Simon D. Jones, Intellectual Reserve, Inc.
Elder Jeffrey R. Holland and Baroness Emma Nicholson join the panel at Chatham House, London, England, on July 2.

As religious persecution continues across the globe, a rights-based approach rather than needs-based assistance may do more to alleviate oppression and promote tolerance in the worst of circumstances.

This week, an all-party parliamentary group in the United Kingdom met to discuss how religious persecution is a driver for forced migration and a risk factor for sexual violence. A panel discussion, held at the Palace of Westminster, brought together refugees, scholars and members of a host of faith communities.
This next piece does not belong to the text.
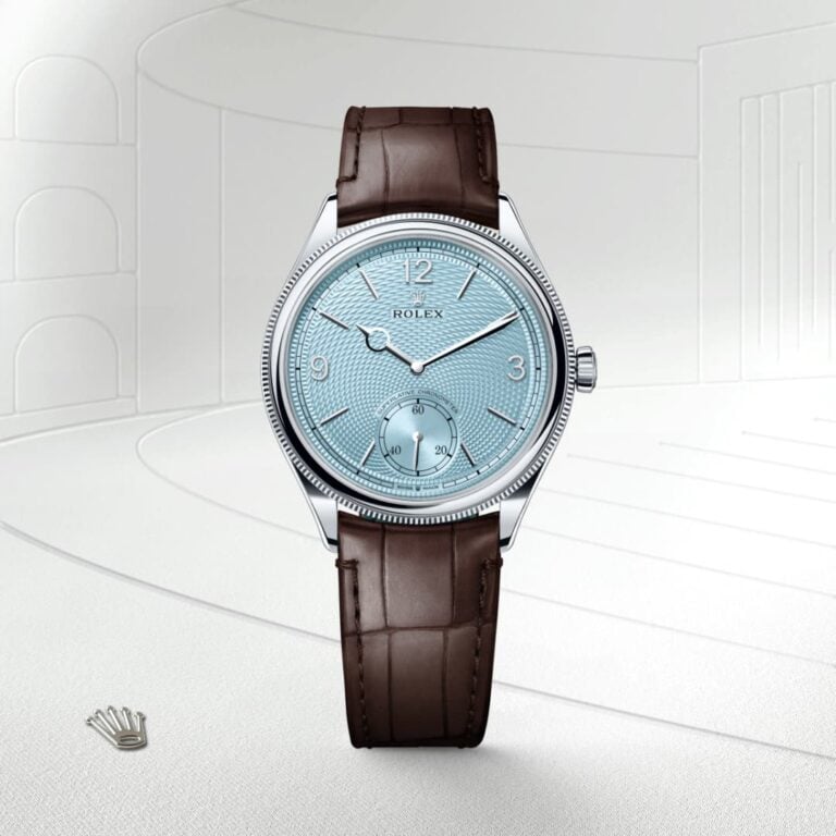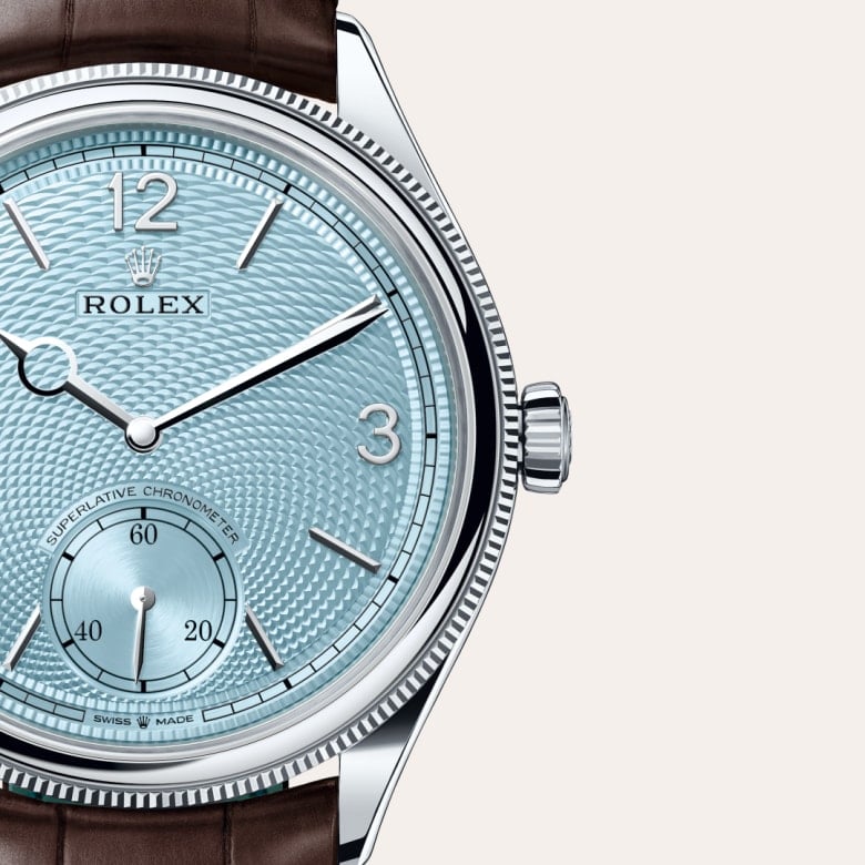 The ice blue dial features a guilloché rice-grain motif. This rosette-like design is distinctive for its three-dimensional, repeating geometric pattern that extends across the surface of the dial starting from the small seconds counter at 6 o’clock. The minute track is surrounded by a filet sauté with crimped pattern, which is also guilloché. With the introduction of a dial created via guillochage, or engine turning – a technique that uses a turning tool to sculpt a pattern into a surface – Rolex is pursuing the course it has set for the Perpetual collection as a tribute to the classic art of watchmaking infused with the brand’s know-how and creativity. This exclusive dial bears the same Arabic numerals 3, 9 and 12, the same faceted hour markers and the same hands as that of the 18 ct gold versions. This exclusive dial colour can be found only on the Day-Date, the Cosmograph Daytona, the Perpetual 1908 and the Land-Dweller.

Included in the mix were Elder Jeffery R. Holland and Sister Sharon Eubank of The Church of Jesus Christ of Latter-day Saints, which owns this paper.

The contributions of all panelists highlighted the imperative for rights-based, not simply needs-based, humanitarian assistance in conflict.

Protecting civilians caught in turmoil is a global political commitment enshrined in the United Nations’ “Responsibility to Protect” mandate, which states the international community has a responsibility to end genocide, war crimes, ethnic cleansing and crimes against humanity. In practice, however, assistance in the face of stark human rights abuses too often takes the form of needs-based help — providing shelter and food while leaving people in a state of protracted unrest.

As Elder Holland told the audience, “In the past, charitable institutions have provided financial support, medical treatment, and other physical needs for refugee victims, all of which are still needed. … But we now understand that we must look to emotional and spiritual needs as well.”

To explore this idea more concretely, the discussion focused on the plight of the Yazidi people, a Christian minority living under the enslavement and oppression of the Islamic State. Rosa Qaidi, a Yazidi who survived the Islamic State onslaught, advocated on the panel for the emancipation of the thousands of Yazidi women and girls still trapped in sexual slavery. Building on Qaidi’s comments, Sister Eubank argued that increased religious literacy among the Iraqi people would create the conditions for increased tolerance and potential liberation.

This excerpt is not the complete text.